Find the best refinancing rates

When it comes to business loans, small businesses can often get a great rate with little or no credit, especially if the owner is in good credit standing. But sometimes the economy can change, or circumstances with the business can change, and the owner can be left with a big loan that he or she now does not have the means to pay off under the current terms. Refinancing refers to the practice of assuming a debt and replacing it with a debt under different, often better terms. It is a common practice by banks, credit unions and other lending companies.

Debt refinancing is often the best way to save your credit when it comes to your business. A loan can be refinanced for a variety of different reasons, but most of the time, the main one is to take advantage of a better interest rate so that the small business loan can be paid down faster. Economic downturn isn't the only reason that businesses refinance—they may refinance to consolidate other debts, reduce total monthly payments or free up cash. Whatever the reason for refinancing, it's often a good financial move for a new or struggling business.

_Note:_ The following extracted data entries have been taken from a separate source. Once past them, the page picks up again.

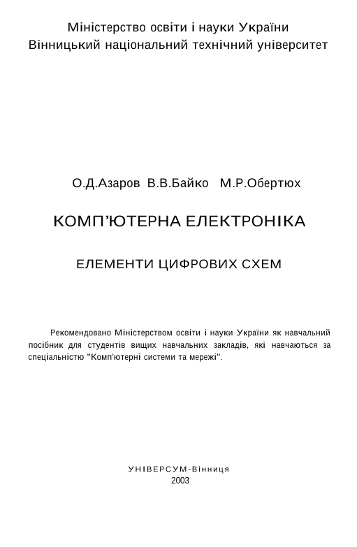 Азаров, О. Д. Комп'ютерна електроніка [Електронний ресурс] : елементи цифрових схем : навчальний посібник / О. Д. Азаров, В. В. Байко, М. Р. Обертюх ; МОН України. – Електрон. текст. дані. – Вінниця : ВНТУ, 2003.
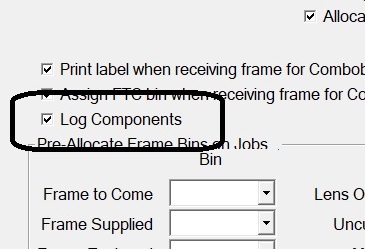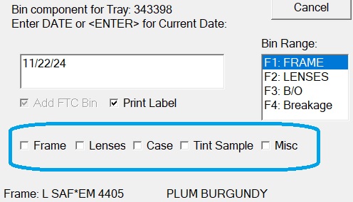 Adding the ability to assign components to the FTC Bin for a particular job. Components consist of Frames, Lenses, Case, Tint Sample and MISC. These are default options, not able to customize at this point.
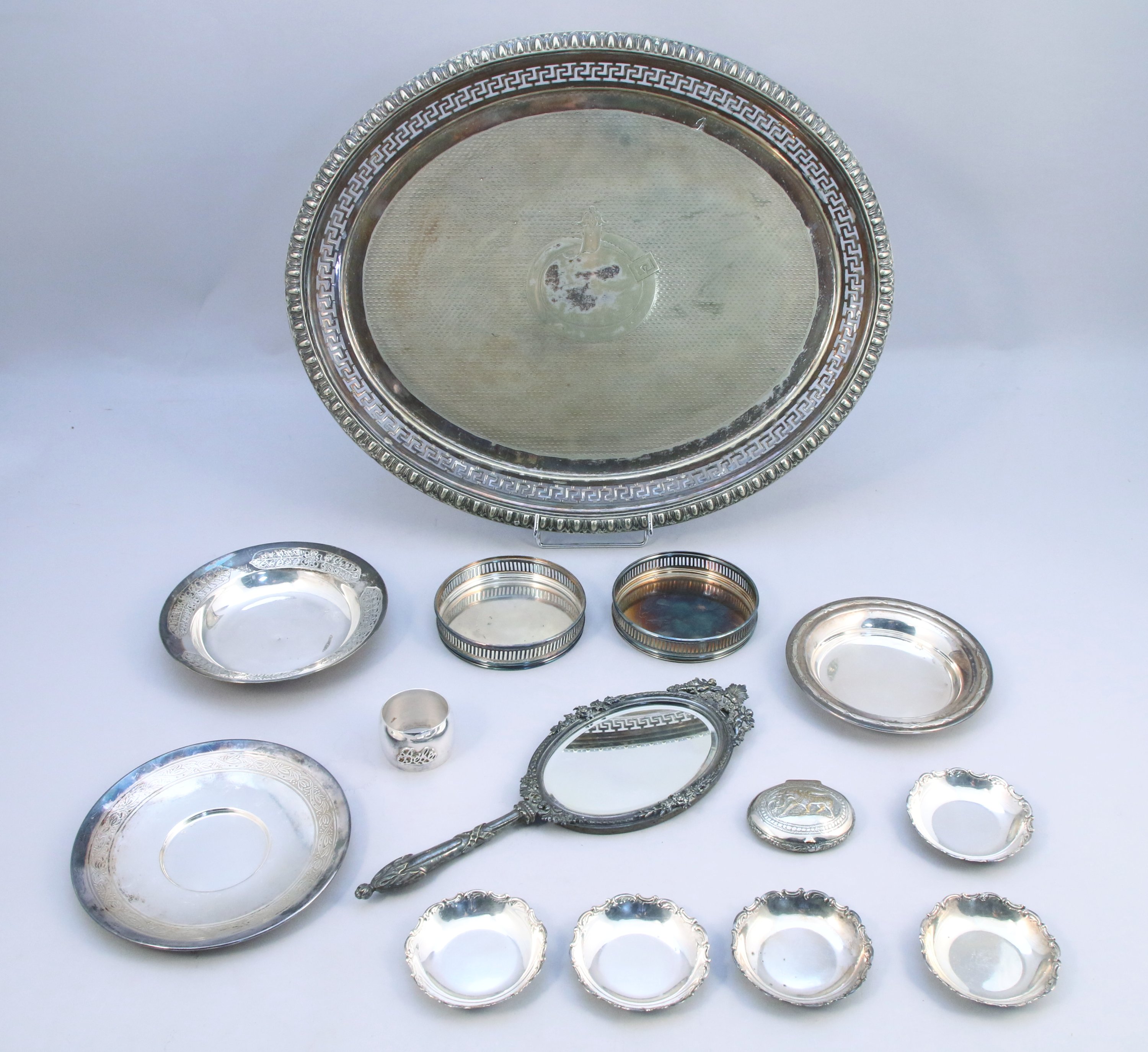 RÉUNION d'OBJETS en métal et métal argenté, dont un grand PLATEAU à décor de Grecques, trois SOUS-COUPES ou DESSOUS DE BOUTEILLE, cinq COUPELLES RINCE-DOIGTS, MIROIR à MAIN, ROND de SERVIETTE, petite BOÎTE à décor repoussé.
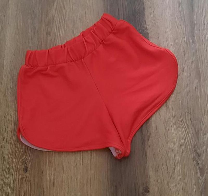 Яркие спортивные шорты. Размер 134-140. Длина по боковому шву до разреза 19см, полная длина 24см Полуобхват талии (резинка в не растянутом состоянии) 24см
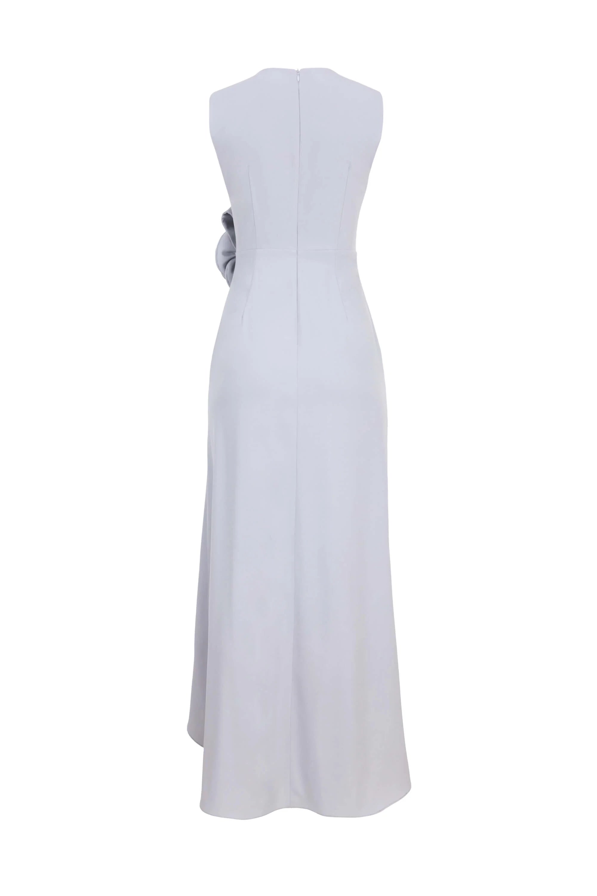 Vestido largo asimétrico con moño estructurado y flor maxi.
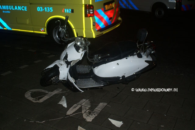De scooterbestuurder uit Klazienaveen kon de auto niet meer ontwijken en kwam ten val. Het slachtoffer is met beenletsel, per ambulance, overgebracht naar het Scheperziekenhuis in Emmen. De automobilist kwam met de schrik vrij.
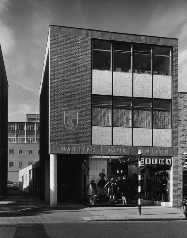 Over the road a zig-zag Halifax Building Society branch, tightly contorted by its corner footprint.
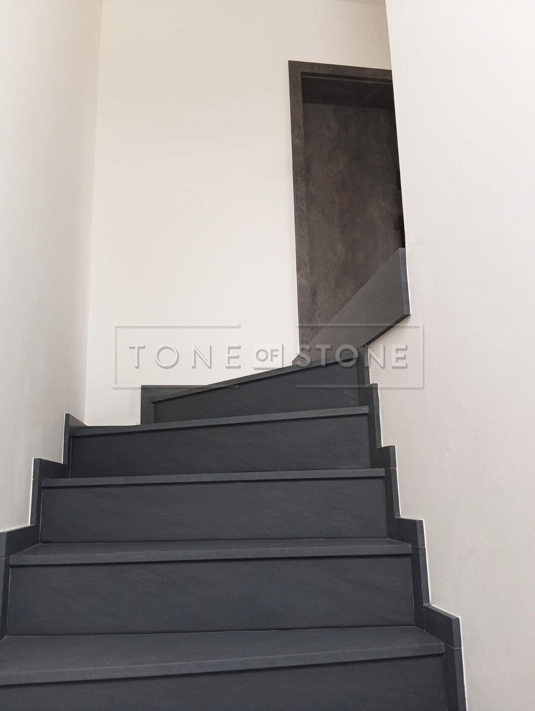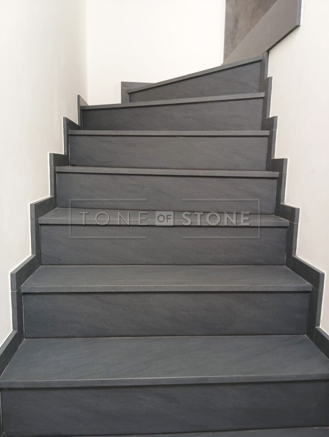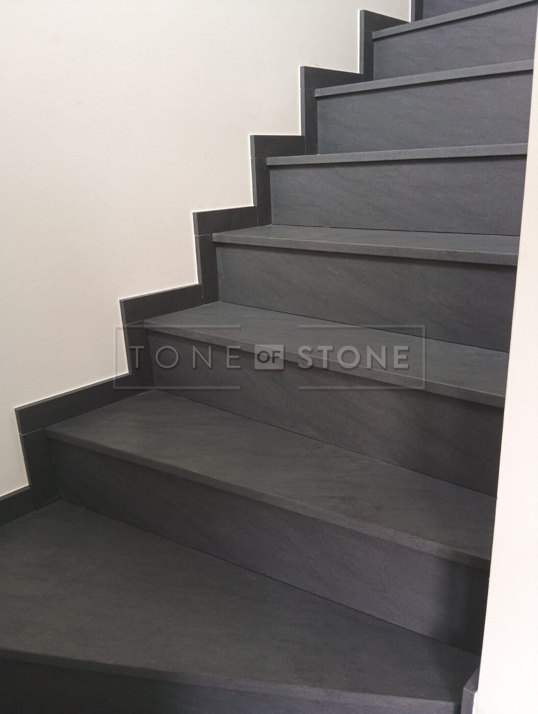 Při této realizaci byl kladen důraz na plynulý přechod kresby žuly po jednotlivých schodech. Díky preciznímu opracování tvoří celé schodiště z šedé žuly Carbon Grey jako harmonický celek, který přirozeně navazuje na okolní interiér. Výsledkem je prvek interiéru, který zaujme na první pohled, ale zároveň působí nadčasově a přirozeně.

Loan Refinancing Risks for Your Business

While refinancing is a great way to help with financial difficulty, there is a penalty. Refinanced loans are often for longer terms than the original debt, which can mean that the loan not only stays on your credit longer, it can also carry heavier fees in the end, known as "closing fees." Other fees can include transaction fees, which are calculated before the loan is refinanced, and can wipe out savings that the loan would garner for the business.

Refinancing rates start out low, but can add up over time, often higher than the original debt's terms. To get the best rates, lenders may require a large lump sum payment upfront in order to arrange a lower interest rate. However, some lenders may offer to finance part of the loans themselves for businesses in severe financial difficulty.

For those businesses that need financial help, refinancing can be a great option to free up some much-needed cash and lower monthly payments. Information about refinancing online may be a good place for businesses to start research on the lowest rates. While refinancing is a good way to consolidate debt load, due to its risks, it should be considered as a last option for businesses in financial need.